4.1.1 Déclarations de la victime — Données de l’EITJC provenant de cinq administrations

En 2022–2023, l’Enquête intégrée sur les tribunaux de juridiction criminelle (EITJC) de Statistique Canada a enregistré, dans cinq provinces et territoires, à savoir l’Alberta, le Nouveau-Brunswick, la Nouvelle-Écosse, l’Île-du-Prince-Édouard et les Territoires du Nord-Ouest, 2 049 causes ayant abouti à un verdict de culpabilitéNote de bas de page 4 et comportant une DV enregistrée. Cela représentait environ 8 % des causes ayant abouti à un verdict de culpabilité, comparativement à 5 % en 2016–2017. Sur les 2 049 causes comportant une DV enregistrée en 2022–2023, 1 911 étaient des causes réglées par les tribunaux de juridiction criminelle pour adultes et 138 étaient des causes portées devant les tribunaux pour adolescents.
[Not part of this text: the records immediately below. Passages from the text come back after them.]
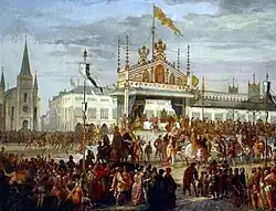 The bull regulated the whole election process in great detail, listing explicitly where, when, and under which circumstances what should be done by whom, not only for the prince-electors but also (for example) for the population of Frankfurt, where the elections were to be held, and also for the counts of the regions the prince-electors had to travel through to get there. The decision to hold the elections in Frankfurt reflected a traditional feeling dating from East Frankish days that both election and coronation ought to take place on Frankish soil.[5] However, the election location was not the only specified location; the bull specified that the coronation would take place in Aachen, and Nuremberg would be the place where the first diet of a reign should be held.[6] The elections were to be concluded within thirty days; failing that, the bull prescribed that the prince-electors were to receive only bread and water until they had decided: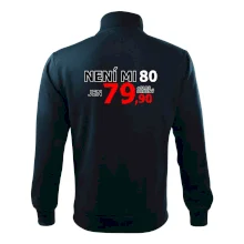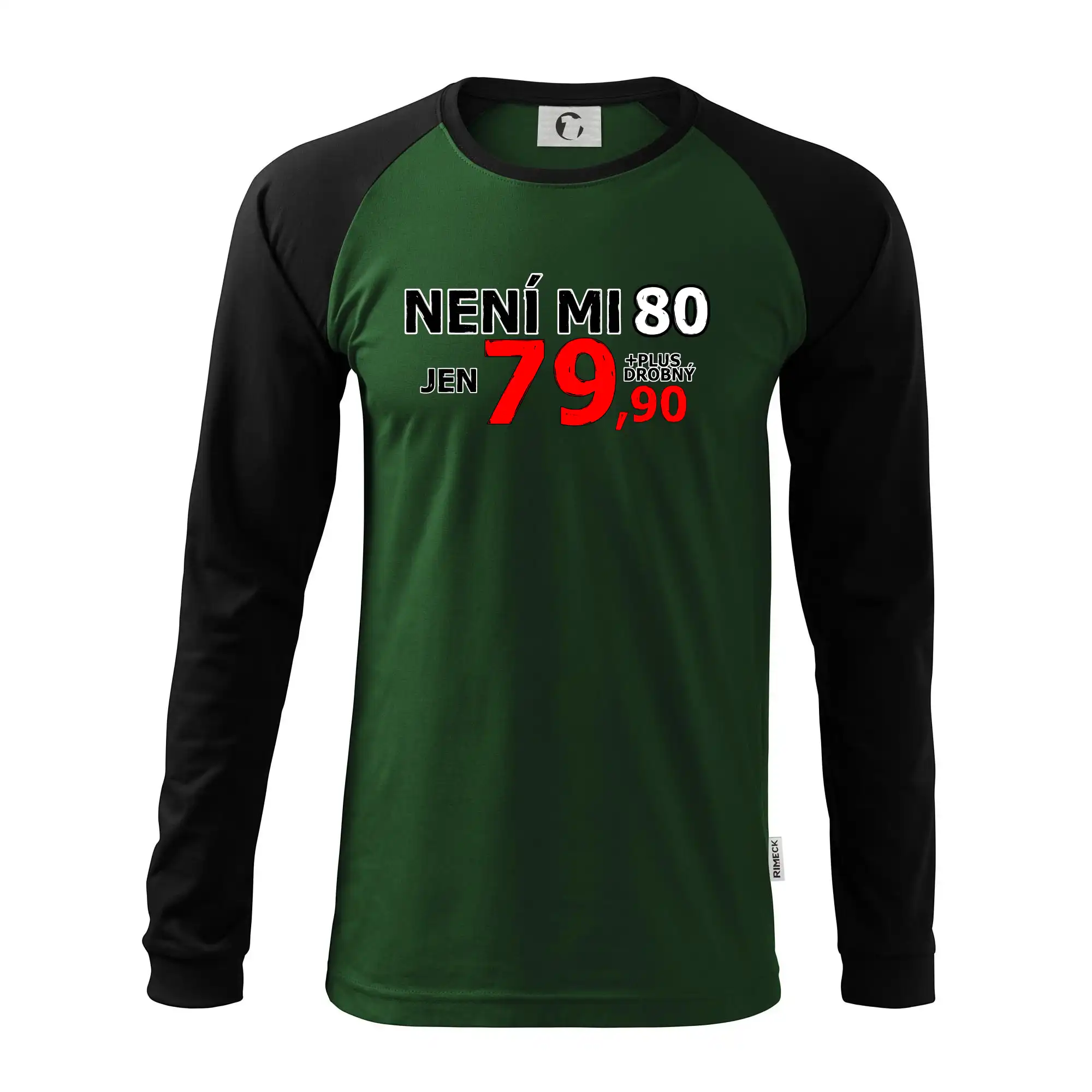Triko s motivem "Není mi 80, jen 79,90 plus drobný". Narozeninové triko pro oslavence, který oslaví jubileum 80 let, ale připadá si mladší. Dárek k osmdesátinám. Triko k osmdesátým narozeninám.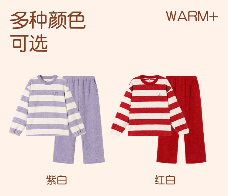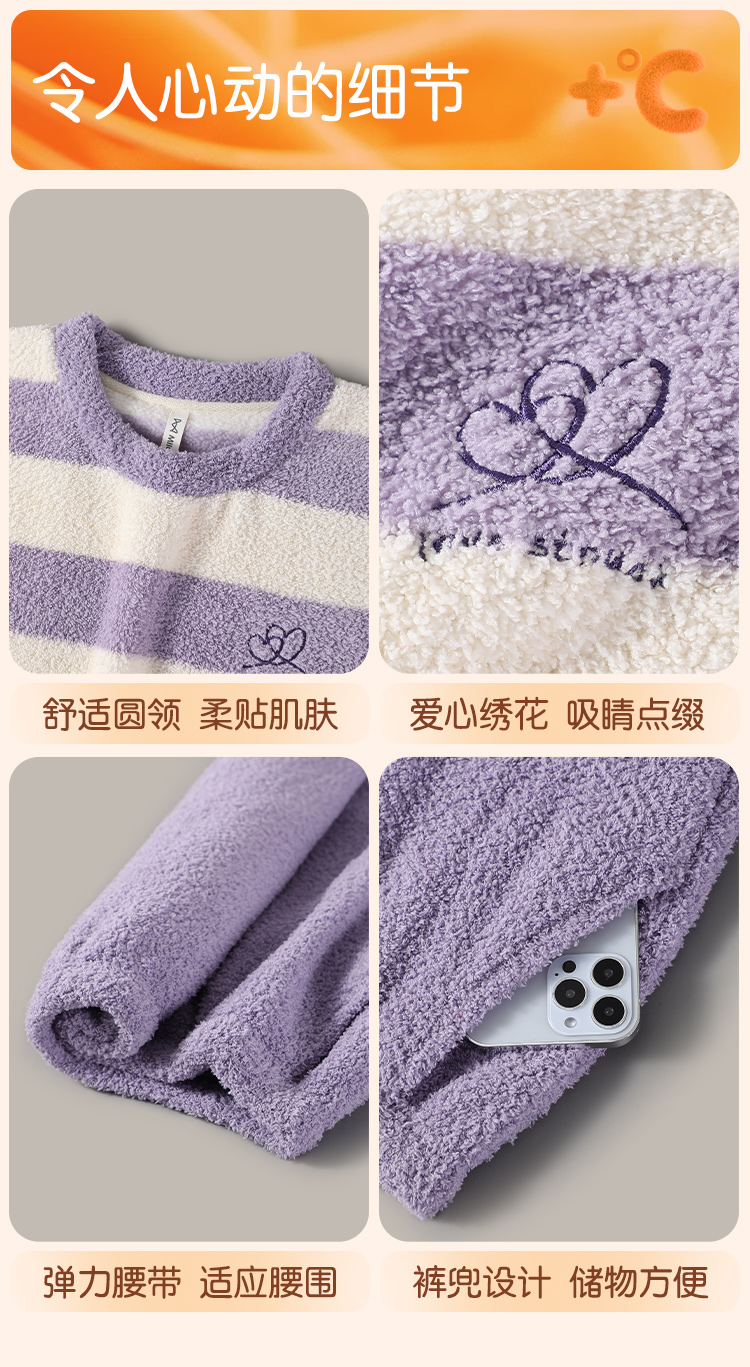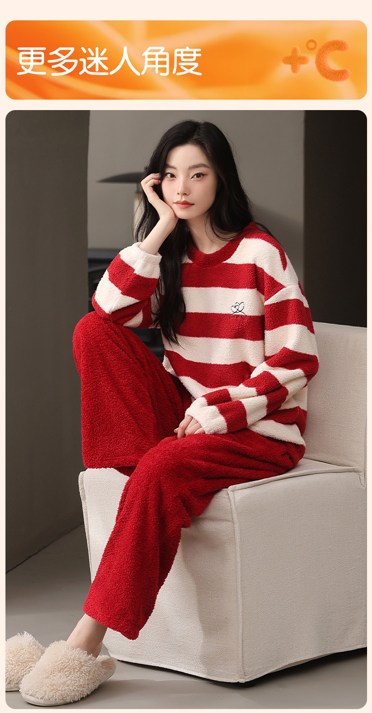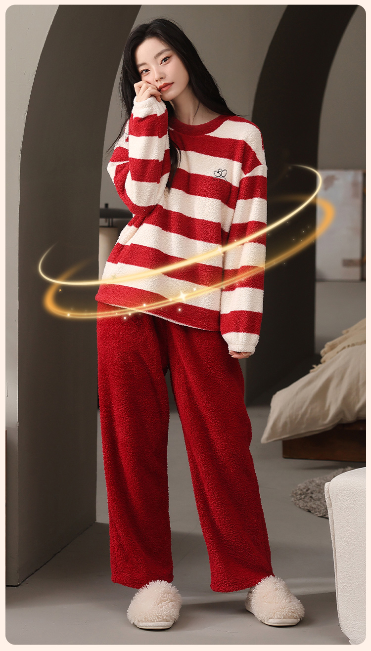 【M-2XL】【猫人】女士条纹半边绒家居服套装
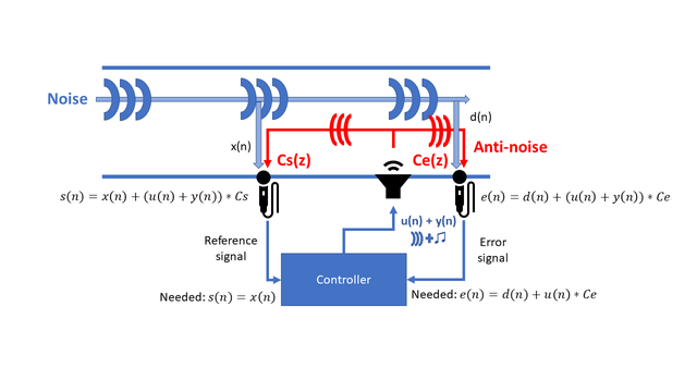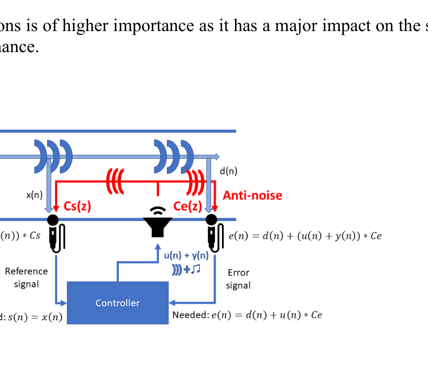 A A A Volume : 44 Part : 2 Public address and sound reproduction by an active noise control sys- tem in ducted ventilation systemStéphane Lesoinne 1 Belgian Building Research Institute Rue du Lombard 42, B-1000 Bruxelles, BelgiumABSTRACT In a ventilation duct, two types of silencers are used: passive (medium and high frequencies) and active (low frequencies). Active silencers have a loudspeaker (control loudspeaker) that generates anti-noise. Usually, this system is placed near the source and far from the vent. But, in short ducts, the system is placed close to a vent and the control speaker can be used as a background speaker to play music, information, alerts (the target signal) ... The active noise control (ANC) system is based on the adaptive feedforward normalized FxLMS which uses a reference and an error microphone to pick up respectively the noise to attenuate and the residual noise after control. The algorithm is mod- ified so that the target signal does not contaminate the reference nor the error signals. The new algorithm is tested in real time in a short duct with different types of noise and different types of sound.1. INTRODUCTIONModern buildings and housing requires efficient ventilation systems to maintain an indoor air quality within standard expectations. But noises passing through or emitted by the ventilation system have a major impact on the comfort, well-being, sleep quality, work-related task focus... An objective of the TowardsSmartVentilation research project is to reduce the noise emitted by centralized system as well as its perceived annoyance in mid-size building using passive as well as active techniques.On one hand, some mid-size buildings use public-address system (PA systems) for information and/or music diffusion through loudspeakers. Others use masking system to reduce noise annoyance by emitting pleasant sound that will mask/hide the unpleasant noise. For example, the annoyance caused by road traffic noise can be reduced by speakers that play bird songs [1, 2]. On the other hand, active silencers generate secondary sound waves (“anti-noise”) interfering negatively with the pri- mary noise in order to reduce its amplitude in a given region of space [3]. After the silencer, residual noise remains and depending on its sound level, can still be a source of annoyances.This paper study the feasibility of using the active silencer loudspeaker as a combined source of “anti-noise”, information, music and masking sounds. This will require to set the control loudspeaker close to an air outlet which is seldomly the case for centralized ventilation. But it also can be seen as moving the PA or masking system to the ventilation duct with the extra benefit of ventilation noise reduction by active noise cancelation, with an extra controller, Figure 1.1 Stephane.lesoinne@bbri.be Figure 1 Scheme of sound broadcasting through a feedforward active noise control systemThe algorithm must be adapted and the modified version will be referred to as PA-ANC (Public Address - Active Noise Control) in the remainder of this document. These modifications will be pre- sented in the next section while the results of the tests in a rectangular-section duct will be presented in section 3. The tests will be performed on the basis of the Leaky Normalized FxLMS feedforward algorithm but the principle developed here can be used with any other algorithms. 2. FEEDFORWARD PA-ANCIn this section, the principle of the feedforward ANC will be presented followed by the modifications needed to turn it into a PA-ANC system.Figure 2 Feedforward ANCNoise din) ad Anti-noise Cs = ce (0) = x(n) + u(n) + Cs Wl 7 | e(n) = dfn) + u(n) + Ce Reference Error signal signal Needed: s(n) = x(n) Needed: e(n) = d(n) + u(n) + Ce ansfer path from control loudspeaker to reference microphone Ce: transfer path from controlloudspeaker to error microphone As illustrated at Figure 2, the noise is measured by a reference microphone and this measurement is used by the controller to generate the anti-noise. The controller continuously adapts the anti-noise generation by changing internal coefficients in order to minimize the residual noise at the error mi- crophone. To efficiently reduce the noise, the controller needs to know both 𝐶𝑒 and 𝐶𝑠 , which are, respectively: - the transfer path between the towards-loudspeaker output and the error signal input and - the transfer path between the towards-loudspeaker output and the reference signal input. In the controller, 𝐶𝑒 is required at the adaptation stage and 𝐶𝑠 is needed to reconstruct the reference signal. Indeed, when the control loudspeaker emits the anti-noise 𝑢(𝑛) , the signal measured at the reference microphone becomes𝑠(𝑛) = 𝑥(𝑛) + 𝑢(𝑛) ∗𝐶𝑠 , ( 1 )which contains the noise and the anti-noise. In practice, as 𝐶𝑒 and 𝐶𝑠 are not known, the approxima- tions 𝐶𝑒 and 𝐶𝑠 (𝑛) will be used instead. The reconstructed reference signal is thus:𝑥(𝑛) = 𝑠(𝑛) −𝑢(𝑛) ∗𝐶𝑠 , ( 2 )The quality of these approximations is of higher importance as it has a major impact on the stability and the noise attenuation performance.Figure 3 PA feedforward ANCNow, as illustrated at Figure 3, in the PA-ANC system, the signal send to the loudspeaker is made of the anti-noise 𝑢(𝑛) and the information signal 𝑦(𝑛) . Thus, the signal measured at the reference microphone becomes:Noise d(n) alo) Anti-noise Cs(z) s(n) = x(n) + (ae(n) + y(n) # Cs ul en) = a(n) + (u(n) + y(n) # Ce ula) + vio) Reference wea Ercor signal Needed: s(n) = x(n) Needed: e(n) = d(n) + un) Ce 𝑠′(𝑛) = 𝑥(𝑛) + (𝑢(𝑛) + 𝑦(𝑛)) ∗𝐶𝑠 , ( 3 )and the signal measured at the error microphone becomes:𝑒′(𝑛) = 𝑑(𝑛) + (𝑢(𝑛) + 𝑦(𝑛)) ∗𝐶𝑒 , ( 4 )The reference signal can be estimated by:𝑥(𝑛) = 𝑠 ′ (𝑛) −(𝑢(𝑛) + 𝑦(𝑛)) ∗𝐶𝑠 , ( 5 )And so is

Comme il est indiqué dans l’encadré 2, le Nouveau-Brunswick représente une grande partie des DV enregistrées dans les données de l’EITJC. Son chiffre de l’EITJC peut comprendre les DV consignées dans le système provincial de gestion des causes plutôt que les DV complètes soumises au tribunal.

Les DV étaient proportionnellement plus fréquentes dans les tribunaux pour adolescents que dans les tribunaux de juridiction criminelle pour adultes en 2022–2023 (11 % contre 8 %). Cette tendance a également été observée sur l’ensemble de la période allant de 2016–2017 à 2022–2023, une DV ayant été enregistrée dans 10 % des causes portées devant les tribunaux pour adolescents et dans 6 % des causes instruites par les tribunaux de juridiction criminelle pour adultes. Au fil du temps, la proportion de causes comportant une DV enregistrée a augmenté graduellement, tant dans les tribunaux de juridiction criminelle pour adultes que dans les tribunaux pour adolescents (figure 1).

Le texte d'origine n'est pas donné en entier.